— Dataset —
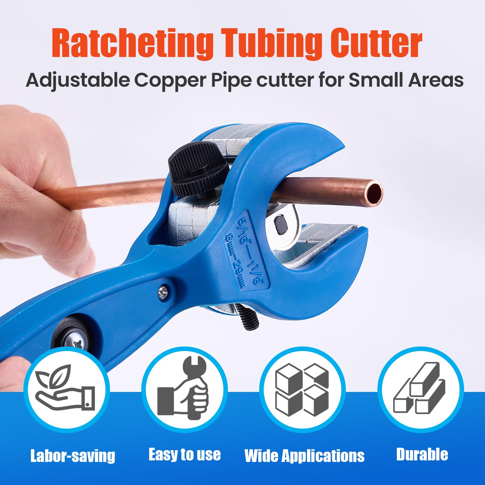 • Versatile Ratcheting Cutting: Effortlessly cuts through various tubing materials (copper, plastic, PVC) from 5/16″ to 1-1/8″ (8mm to 28mm) diameter using a powerful, self-ratcheting mechanism that requires minimal hand pressure
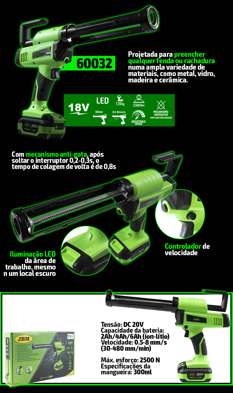 Tensão: DC-20V Capacidade da bateria: 2Ah / 4Ah / 6Ah (íon-lítio) Velocidade de impulso: 0,5-8 mm / s (30-480 mm / min) Força de impulso máxima: 2500 N Capacidade do cartucho: 300ml Peso: 1,56 kg
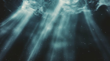 Ethereal underwater light beams in ocean depths for atmospheric background design
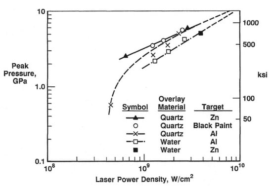 18]. In addition, he also investigated the overlays’ effects on the peak pressure at the back surface of 1 mm-thick 6061-T6 aluminum coupons. The peak pressure increased as the surface condition was varied between bare, paint only, water only, and water plus paint. At the same time, Yang reported on an extensive study to determine the sensitivity of the peak pressure generated by a confined plasma to target composition, target thickness, and energy density [
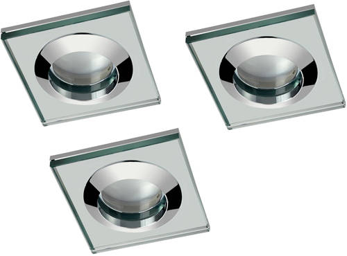 3 x Square spot light fittings in glass and chrome (240v) with warm white LED lamps (GU10).
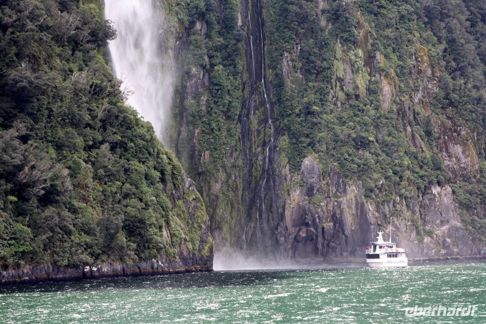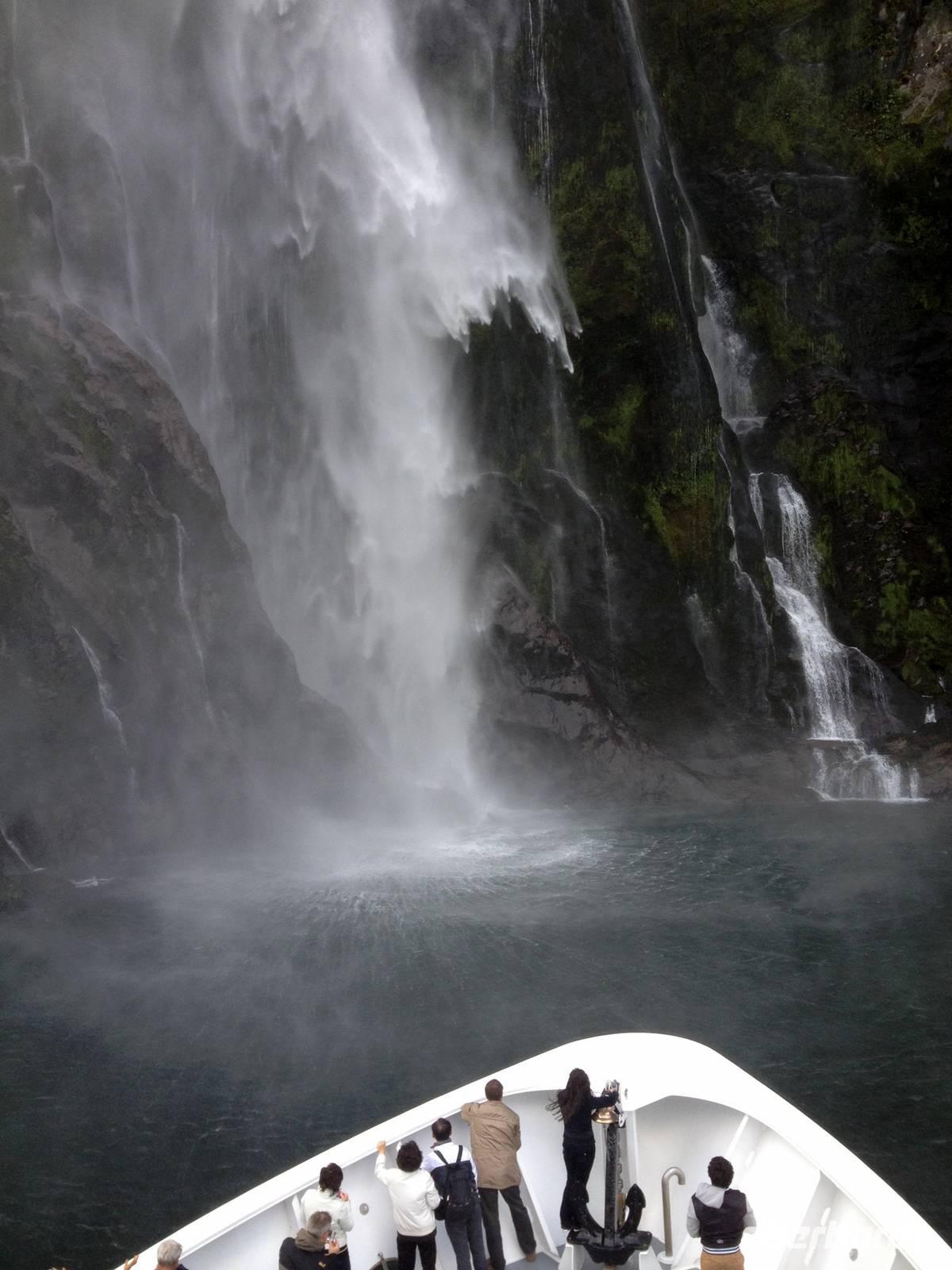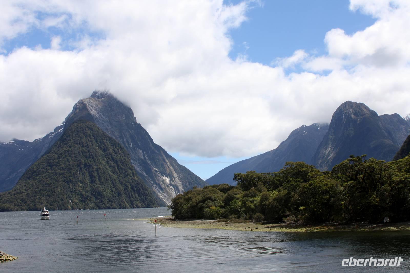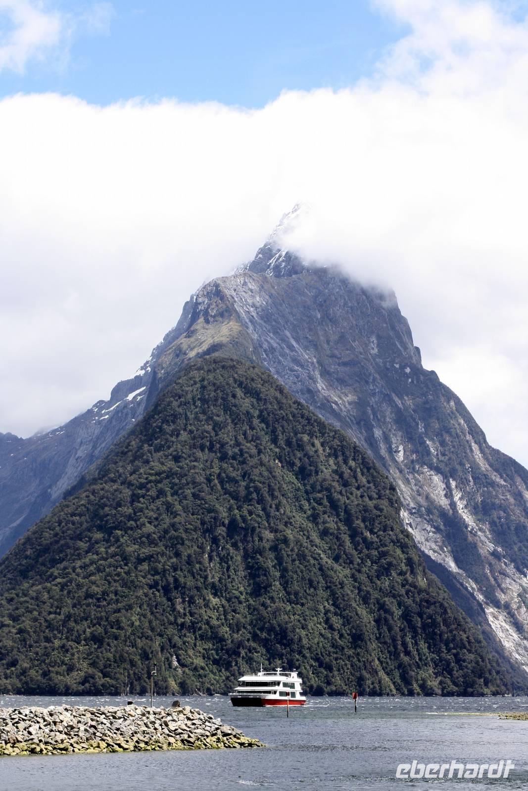 Unser Tag beginnt früh, denn heute steht ein weiterer Höhepunkt unserer Reise auf dem Programm. Von Te Anau fahren wir in den größten Nationalpark des Landes, den Fiordland Nationalpark. Die Route führt durch das Eglinton Valley in eine subalpine Wunderwelt. An den Mirror Lakes spiegelt sich die Landschaft und bietet schöne Fotomotive. Auf unserer Weiterfahrt treffen wir auf die frechen Keas und durchqueren schließlich den Homer Tunnel (940 Meter). Auf der anderen Seite fällt das Cleddau Valley steil zum Milford Sound ab. Manchmal ist hier sogar schönes Wetter - heute ist so ein Tag! An der Pier steht unser Schiff, die „Sovereign", zur Abfahrt bereit. Während der eineinhalbstündigen Fahrt können wir dieses Naturwunder ausgiebig genießen. Die Felsen ragen steil zu beiden Seiten des Fjordes auf und der Blick vom Meer zum Gletscher ist zweifelsohne ein besonderer Höhepunkt! Nur der Gipfel des markanten Mitre Peak versteckt sich in Wolken. Auf der Rückfahrt über die selbe Route bieten sich noch einmal Ausblicke in das Hollyford Valley. In Te Anau statten wir den seltenen Takahes noch einen Besuch im Vogelpark ab, bevor wir weiter nach Queenstown fahren.
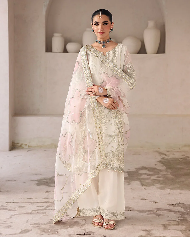 The organza dupatta continues the theme of opulence with matching sequin embroidery and pearl accents, while the viscose farshi shalwar features sparkling spangle embroidery that ties the entire look together seamlessly.
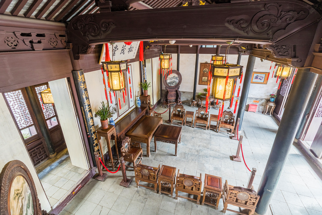 说到胡雪岩故居,就不得不提那间楠木厅,这个胡雪岩的红颜知己罗四太太居住之所,建筑面积445平米,厅内全部由金丝楠打造。60年长一厘米的金丝楠木,被如此奢华的铺陈装饰,真可谓世间少有。

— Work instruction —
Print the data above from its first line through the line that has "3 x Square spot", exactly and with nothing else, omitting pictures.

— Answer for this exercise —
 • Versatile Ratcheting Cutting: Effortlessly cuts through various tubing materials (copper, plastic, PVC) from 5/16″ to 1-1/8″ (8mm to 28mm) diameter using a powerful, self-ratcheting mechanism that requires minimal hand pressure
 Tensão: DC-20V Capacidade da bateria: 2Ah / 4Ah / 6Ah (íon-lítio) Velocidade de impulso: 0,5-8 mm / s (30-480 mm / min) Força de impulso máxima: 2500 N Capacidade do cartucho: 300ml Peso: 1,56 kg
 Ethereal underwater light beams in ocean depths for atmospheric background design
 18]. In addition, he also investigated the overlays’ effects on the peak pressure at the back surface of 1 mm-thick 6061-T6 aluminum coupons. The peak pressure increased as the surface condition was varied between bare, paint only, water only, and water plus paint. At the same time, Yang reported on an extensive study to determine the sensitivity of the peak pressure generated by a confined plasma to target composition, target thickness, and energy density [
 3 x Square spot light fittings in glass and chrome (240v) with warm white LED lamps (GU10).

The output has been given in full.